REQUIRED WORK: Of all the lines below, output only those starting at the one with "- 피부 개선 기대: 꾸준히" and ending at the one with "1.通过联硼酸频那醇酯合成2", both ends included, exactly as written.

Start of RECORDS FOR PROCESSING

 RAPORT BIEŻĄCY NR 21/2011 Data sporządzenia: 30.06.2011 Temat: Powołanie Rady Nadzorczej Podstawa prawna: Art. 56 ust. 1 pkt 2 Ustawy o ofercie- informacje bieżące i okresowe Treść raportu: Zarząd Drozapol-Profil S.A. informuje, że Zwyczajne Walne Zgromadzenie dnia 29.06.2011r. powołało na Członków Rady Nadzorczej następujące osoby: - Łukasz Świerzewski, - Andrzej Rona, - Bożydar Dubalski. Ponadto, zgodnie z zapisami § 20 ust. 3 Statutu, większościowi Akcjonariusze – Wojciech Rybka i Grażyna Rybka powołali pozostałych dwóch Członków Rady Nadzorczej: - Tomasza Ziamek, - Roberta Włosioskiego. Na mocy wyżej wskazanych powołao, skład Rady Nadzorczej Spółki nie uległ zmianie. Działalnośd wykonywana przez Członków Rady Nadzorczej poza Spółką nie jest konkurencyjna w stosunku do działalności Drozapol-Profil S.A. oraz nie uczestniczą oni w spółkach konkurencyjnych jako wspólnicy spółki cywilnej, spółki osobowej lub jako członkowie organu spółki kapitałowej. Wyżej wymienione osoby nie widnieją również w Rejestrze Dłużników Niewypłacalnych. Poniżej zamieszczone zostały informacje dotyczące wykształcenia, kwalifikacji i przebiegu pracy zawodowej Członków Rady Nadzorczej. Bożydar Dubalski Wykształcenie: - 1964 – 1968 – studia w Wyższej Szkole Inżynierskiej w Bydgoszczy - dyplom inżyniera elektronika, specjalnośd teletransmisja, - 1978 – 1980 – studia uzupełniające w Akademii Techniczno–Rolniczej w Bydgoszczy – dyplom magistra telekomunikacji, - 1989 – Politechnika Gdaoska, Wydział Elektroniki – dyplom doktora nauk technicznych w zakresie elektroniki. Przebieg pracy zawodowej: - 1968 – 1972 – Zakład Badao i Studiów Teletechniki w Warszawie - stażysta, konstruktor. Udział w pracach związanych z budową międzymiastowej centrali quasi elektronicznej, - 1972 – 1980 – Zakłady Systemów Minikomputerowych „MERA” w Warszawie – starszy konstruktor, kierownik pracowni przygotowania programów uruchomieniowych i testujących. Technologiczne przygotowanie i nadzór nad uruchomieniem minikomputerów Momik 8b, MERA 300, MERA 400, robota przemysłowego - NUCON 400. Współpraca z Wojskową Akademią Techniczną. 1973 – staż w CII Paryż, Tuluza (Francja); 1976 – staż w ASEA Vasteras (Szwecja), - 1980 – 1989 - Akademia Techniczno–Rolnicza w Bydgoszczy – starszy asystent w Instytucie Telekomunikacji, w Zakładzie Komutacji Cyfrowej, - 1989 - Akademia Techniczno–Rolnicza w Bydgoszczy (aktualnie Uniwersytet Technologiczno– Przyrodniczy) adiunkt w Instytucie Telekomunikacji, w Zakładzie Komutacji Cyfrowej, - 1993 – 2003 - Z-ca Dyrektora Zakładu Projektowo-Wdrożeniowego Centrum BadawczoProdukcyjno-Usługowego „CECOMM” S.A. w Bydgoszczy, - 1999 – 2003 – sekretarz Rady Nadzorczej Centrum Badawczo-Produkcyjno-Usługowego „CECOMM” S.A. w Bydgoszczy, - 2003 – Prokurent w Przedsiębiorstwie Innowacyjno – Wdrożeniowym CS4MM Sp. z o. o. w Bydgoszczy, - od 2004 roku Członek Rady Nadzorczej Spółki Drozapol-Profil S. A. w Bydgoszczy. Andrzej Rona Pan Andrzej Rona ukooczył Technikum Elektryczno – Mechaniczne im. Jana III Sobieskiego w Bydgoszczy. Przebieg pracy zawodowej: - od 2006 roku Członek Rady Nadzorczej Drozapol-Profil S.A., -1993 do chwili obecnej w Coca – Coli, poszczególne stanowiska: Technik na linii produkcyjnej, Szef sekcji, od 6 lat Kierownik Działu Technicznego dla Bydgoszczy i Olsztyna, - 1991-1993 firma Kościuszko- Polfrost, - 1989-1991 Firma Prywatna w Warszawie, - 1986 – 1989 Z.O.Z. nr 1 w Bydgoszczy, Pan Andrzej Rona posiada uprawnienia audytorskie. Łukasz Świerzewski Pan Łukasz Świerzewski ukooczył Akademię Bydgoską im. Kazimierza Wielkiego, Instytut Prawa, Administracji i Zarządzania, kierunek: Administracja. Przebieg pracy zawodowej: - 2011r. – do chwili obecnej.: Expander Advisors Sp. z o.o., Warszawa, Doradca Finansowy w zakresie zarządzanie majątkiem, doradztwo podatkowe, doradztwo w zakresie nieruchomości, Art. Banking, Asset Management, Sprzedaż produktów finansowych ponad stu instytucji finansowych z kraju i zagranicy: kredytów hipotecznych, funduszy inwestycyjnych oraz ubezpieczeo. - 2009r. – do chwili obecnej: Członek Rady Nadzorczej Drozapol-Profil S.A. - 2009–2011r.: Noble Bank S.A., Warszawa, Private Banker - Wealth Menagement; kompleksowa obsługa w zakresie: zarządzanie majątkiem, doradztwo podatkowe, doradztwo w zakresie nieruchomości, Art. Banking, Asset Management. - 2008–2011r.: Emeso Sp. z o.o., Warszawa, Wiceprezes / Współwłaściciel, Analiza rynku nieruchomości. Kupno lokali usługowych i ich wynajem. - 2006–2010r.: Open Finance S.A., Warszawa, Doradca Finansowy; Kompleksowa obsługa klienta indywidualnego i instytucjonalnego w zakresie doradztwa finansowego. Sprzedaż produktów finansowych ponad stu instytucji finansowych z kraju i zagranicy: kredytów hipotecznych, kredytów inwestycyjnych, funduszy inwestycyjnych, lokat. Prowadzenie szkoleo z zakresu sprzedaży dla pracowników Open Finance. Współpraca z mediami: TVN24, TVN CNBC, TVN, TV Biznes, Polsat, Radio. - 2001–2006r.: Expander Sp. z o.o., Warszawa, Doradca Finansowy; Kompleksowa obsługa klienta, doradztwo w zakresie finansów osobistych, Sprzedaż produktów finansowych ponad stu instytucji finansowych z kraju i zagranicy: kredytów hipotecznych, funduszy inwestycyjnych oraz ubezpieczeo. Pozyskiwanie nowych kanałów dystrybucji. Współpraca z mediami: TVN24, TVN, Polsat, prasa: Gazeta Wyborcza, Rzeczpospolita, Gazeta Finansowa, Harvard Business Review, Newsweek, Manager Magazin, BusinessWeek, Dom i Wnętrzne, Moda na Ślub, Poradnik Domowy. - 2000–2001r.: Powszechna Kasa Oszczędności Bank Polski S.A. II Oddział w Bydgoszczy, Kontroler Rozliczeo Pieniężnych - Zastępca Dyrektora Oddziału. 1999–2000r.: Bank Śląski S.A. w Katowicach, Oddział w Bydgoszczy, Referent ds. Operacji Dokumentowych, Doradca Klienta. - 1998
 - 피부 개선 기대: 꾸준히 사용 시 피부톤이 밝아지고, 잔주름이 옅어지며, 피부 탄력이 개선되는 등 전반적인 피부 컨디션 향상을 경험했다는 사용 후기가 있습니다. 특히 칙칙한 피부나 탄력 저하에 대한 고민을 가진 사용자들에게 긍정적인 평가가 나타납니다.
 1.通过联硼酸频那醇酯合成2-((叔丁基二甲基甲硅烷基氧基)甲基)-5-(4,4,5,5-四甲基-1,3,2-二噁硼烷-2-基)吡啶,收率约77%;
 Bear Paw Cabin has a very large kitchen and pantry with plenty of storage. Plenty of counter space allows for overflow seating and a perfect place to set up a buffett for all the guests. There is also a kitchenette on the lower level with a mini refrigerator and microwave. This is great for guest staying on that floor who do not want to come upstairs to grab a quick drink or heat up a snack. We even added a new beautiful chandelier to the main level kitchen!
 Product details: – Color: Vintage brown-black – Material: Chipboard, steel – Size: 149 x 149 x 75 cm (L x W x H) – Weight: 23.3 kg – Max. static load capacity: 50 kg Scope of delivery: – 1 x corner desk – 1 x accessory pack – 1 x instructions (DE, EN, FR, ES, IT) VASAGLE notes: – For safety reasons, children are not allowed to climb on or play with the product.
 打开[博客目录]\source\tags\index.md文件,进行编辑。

End of RECORDS FOR PROCESSING

OUTPUT BELOW:
 - 피부 개선 기대: 꾸준히 사용 시 피부톤이 밝아지고, 잔주름이 옅어지며, 피부 탄력이 개선되는 등 전반적인 피부 컨디션 향상을 경험했다는 사용 후기가 있습니다. 특히 칙칙한 피부나 탄력 저하에 대한 고민을 가진 사용자들에게 긍정적인 평가가 나타납니다.
 1.通过联硼酸频那醇酯合成2-((叔丁基二甲基甲硅烷基氧基)甲基)-5-(4,4,5,5-四甲基-1,3,2-二噁硼烷-2-基)吡啶,收率约77%;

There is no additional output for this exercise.